Items from a data source:

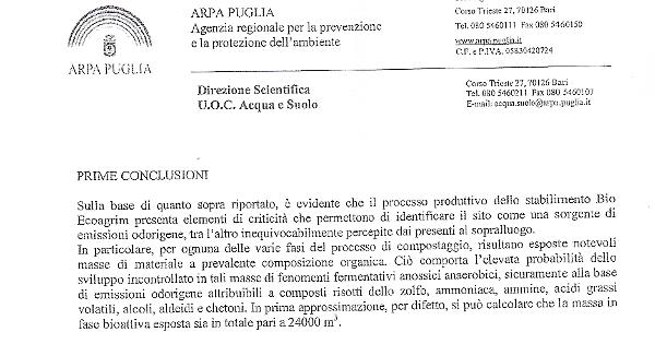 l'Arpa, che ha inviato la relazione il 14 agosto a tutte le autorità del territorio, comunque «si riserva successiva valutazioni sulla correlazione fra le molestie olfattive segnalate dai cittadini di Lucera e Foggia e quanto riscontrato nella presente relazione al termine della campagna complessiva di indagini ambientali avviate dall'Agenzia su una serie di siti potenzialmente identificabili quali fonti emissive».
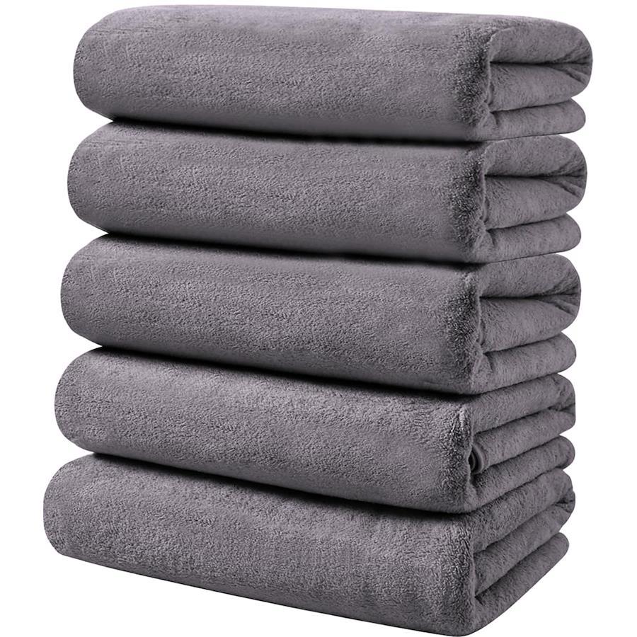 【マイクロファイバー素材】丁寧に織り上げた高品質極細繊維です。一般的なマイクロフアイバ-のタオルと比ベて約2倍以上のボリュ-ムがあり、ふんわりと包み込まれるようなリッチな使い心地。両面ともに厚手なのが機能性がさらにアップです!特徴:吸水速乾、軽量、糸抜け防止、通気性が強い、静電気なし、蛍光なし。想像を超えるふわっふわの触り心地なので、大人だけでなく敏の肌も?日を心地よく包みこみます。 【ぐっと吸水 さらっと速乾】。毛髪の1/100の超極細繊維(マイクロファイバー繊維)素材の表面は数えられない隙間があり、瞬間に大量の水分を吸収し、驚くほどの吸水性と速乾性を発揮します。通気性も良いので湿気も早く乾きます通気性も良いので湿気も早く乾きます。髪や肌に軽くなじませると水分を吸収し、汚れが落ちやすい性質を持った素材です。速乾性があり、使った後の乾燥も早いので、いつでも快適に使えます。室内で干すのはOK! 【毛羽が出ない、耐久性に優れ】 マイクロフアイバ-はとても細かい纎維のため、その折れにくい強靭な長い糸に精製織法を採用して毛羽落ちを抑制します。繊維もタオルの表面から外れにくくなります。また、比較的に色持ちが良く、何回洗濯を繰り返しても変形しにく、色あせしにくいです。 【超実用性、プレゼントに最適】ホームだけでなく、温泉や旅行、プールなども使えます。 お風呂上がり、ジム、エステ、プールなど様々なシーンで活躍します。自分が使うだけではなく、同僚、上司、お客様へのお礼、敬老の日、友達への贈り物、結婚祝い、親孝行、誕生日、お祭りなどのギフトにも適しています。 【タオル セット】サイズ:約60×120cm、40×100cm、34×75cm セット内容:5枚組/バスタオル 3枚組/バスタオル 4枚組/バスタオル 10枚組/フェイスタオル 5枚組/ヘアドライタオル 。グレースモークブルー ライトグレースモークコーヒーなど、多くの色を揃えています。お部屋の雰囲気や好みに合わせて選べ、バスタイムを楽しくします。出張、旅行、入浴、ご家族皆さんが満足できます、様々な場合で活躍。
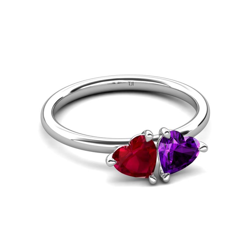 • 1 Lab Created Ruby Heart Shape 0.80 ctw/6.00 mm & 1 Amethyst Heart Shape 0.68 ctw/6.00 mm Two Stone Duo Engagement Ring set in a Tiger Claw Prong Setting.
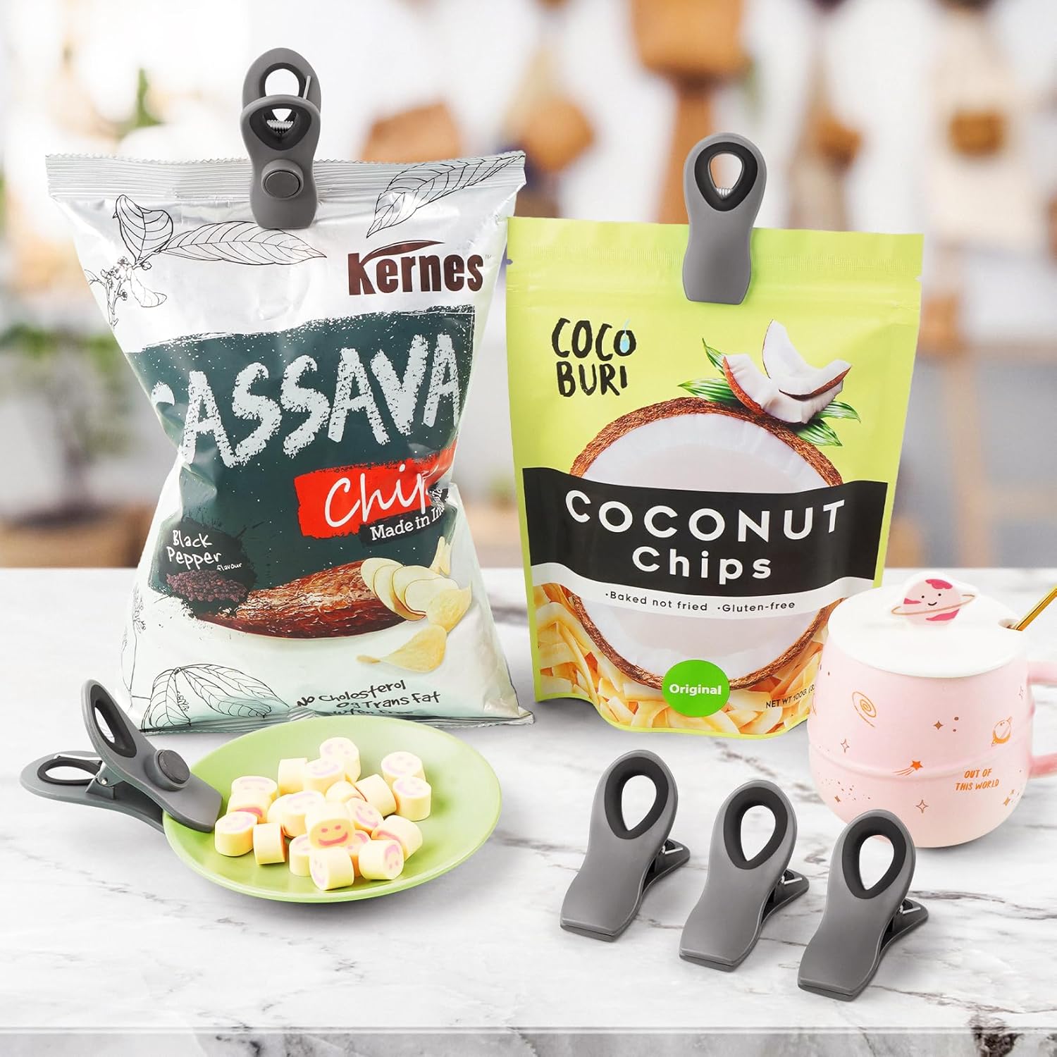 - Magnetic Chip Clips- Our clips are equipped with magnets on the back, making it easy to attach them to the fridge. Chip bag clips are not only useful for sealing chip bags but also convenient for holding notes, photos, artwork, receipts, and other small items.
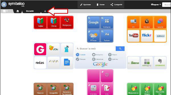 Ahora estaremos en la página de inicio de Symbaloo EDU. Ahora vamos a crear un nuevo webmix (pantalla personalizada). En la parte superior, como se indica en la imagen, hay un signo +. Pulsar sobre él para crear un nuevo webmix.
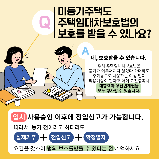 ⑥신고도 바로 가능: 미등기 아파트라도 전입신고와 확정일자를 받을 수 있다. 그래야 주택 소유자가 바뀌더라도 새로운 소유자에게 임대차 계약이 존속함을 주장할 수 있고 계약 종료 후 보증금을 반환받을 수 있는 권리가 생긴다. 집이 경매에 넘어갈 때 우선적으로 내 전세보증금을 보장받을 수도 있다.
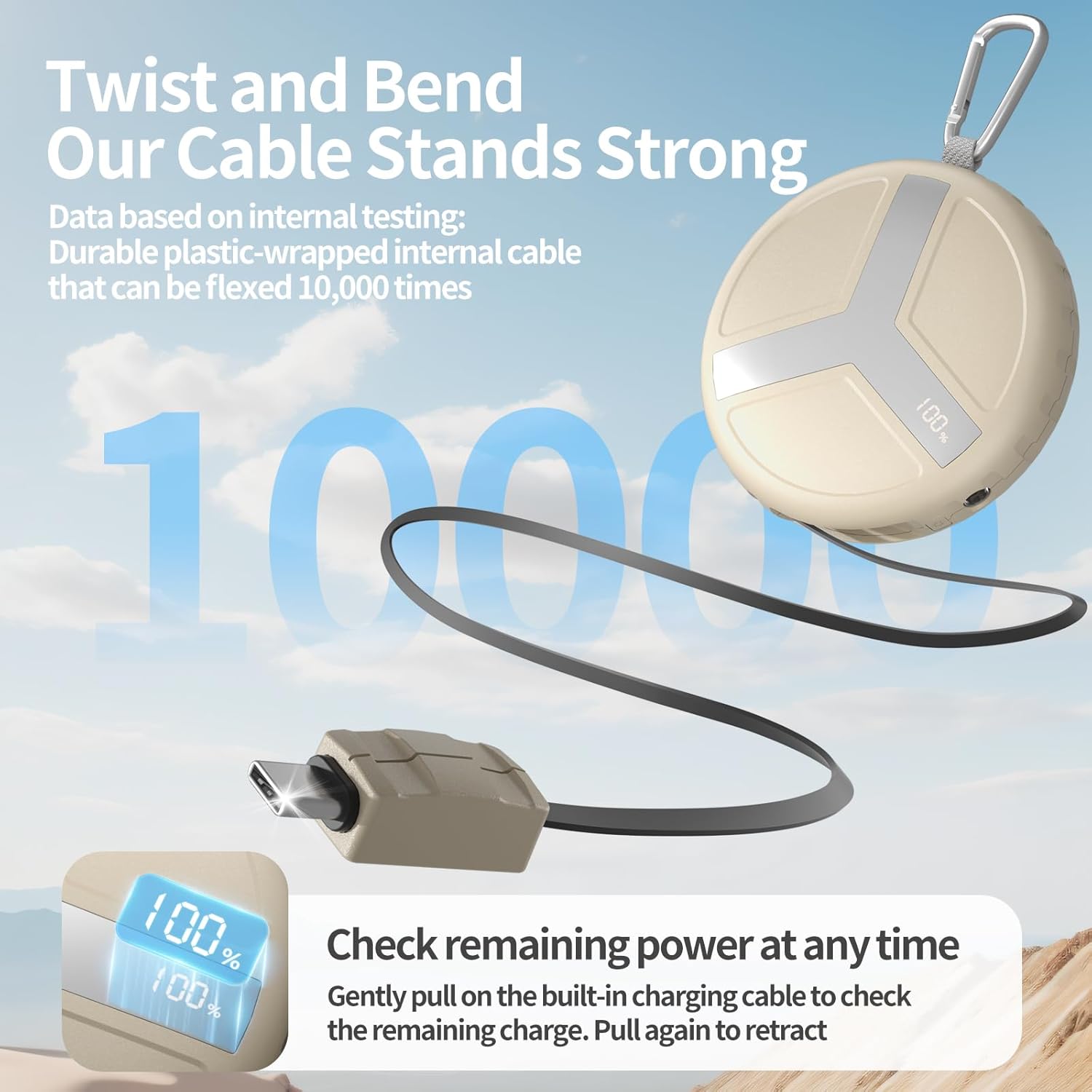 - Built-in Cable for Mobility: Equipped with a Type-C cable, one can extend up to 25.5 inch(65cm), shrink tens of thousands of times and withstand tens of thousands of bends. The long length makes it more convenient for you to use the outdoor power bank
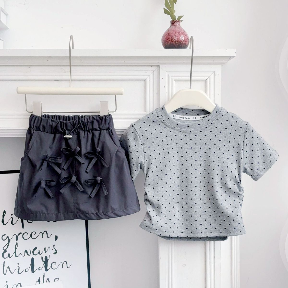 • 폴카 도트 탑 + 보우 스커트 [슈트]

**PROBLEM STATEMENT**:
Each line from the one holding "Ahora estaremos en" to the end of the records above must be copied exactly; the pictures must not be copied.

**REPLY**:
 Ahora estaremos en la página de inicio de Symbaloo EDU. Ahora vamos a crear un nuevo webmix (pantalla personalizada). En la parte superior, como se indica en la imagen, hay un signo +. Pulsar sobre él para crear un nuevo webmix.
 ⑥신고도 바로 가능: 미등기 아파트라도 전입신고와 확정일자를 받을 수 있다. 그래야 주택 소유자가 바뀌더라도 새로운 소유자에게 임대차 계약이 존속함을 주장할 수 있고 계약 종료 후 보증금을 반환받을 수 있는 권리가 생긴다. 집이 경매에 넘어갈 때 우선적으로 내 전세보증금을 보장받을 수도 있다.
 - Built-in Cable for Mobility: Equipped with a Type-C cable, one can extend up to 25.5 inch(65cm), shrink tens of thousands of times and withstand tens of thousands of bends. The long length makes it more convenient for you to use the outdoor power bank
 • 폴카 도트 탑 + 보우 스커트 [슈트]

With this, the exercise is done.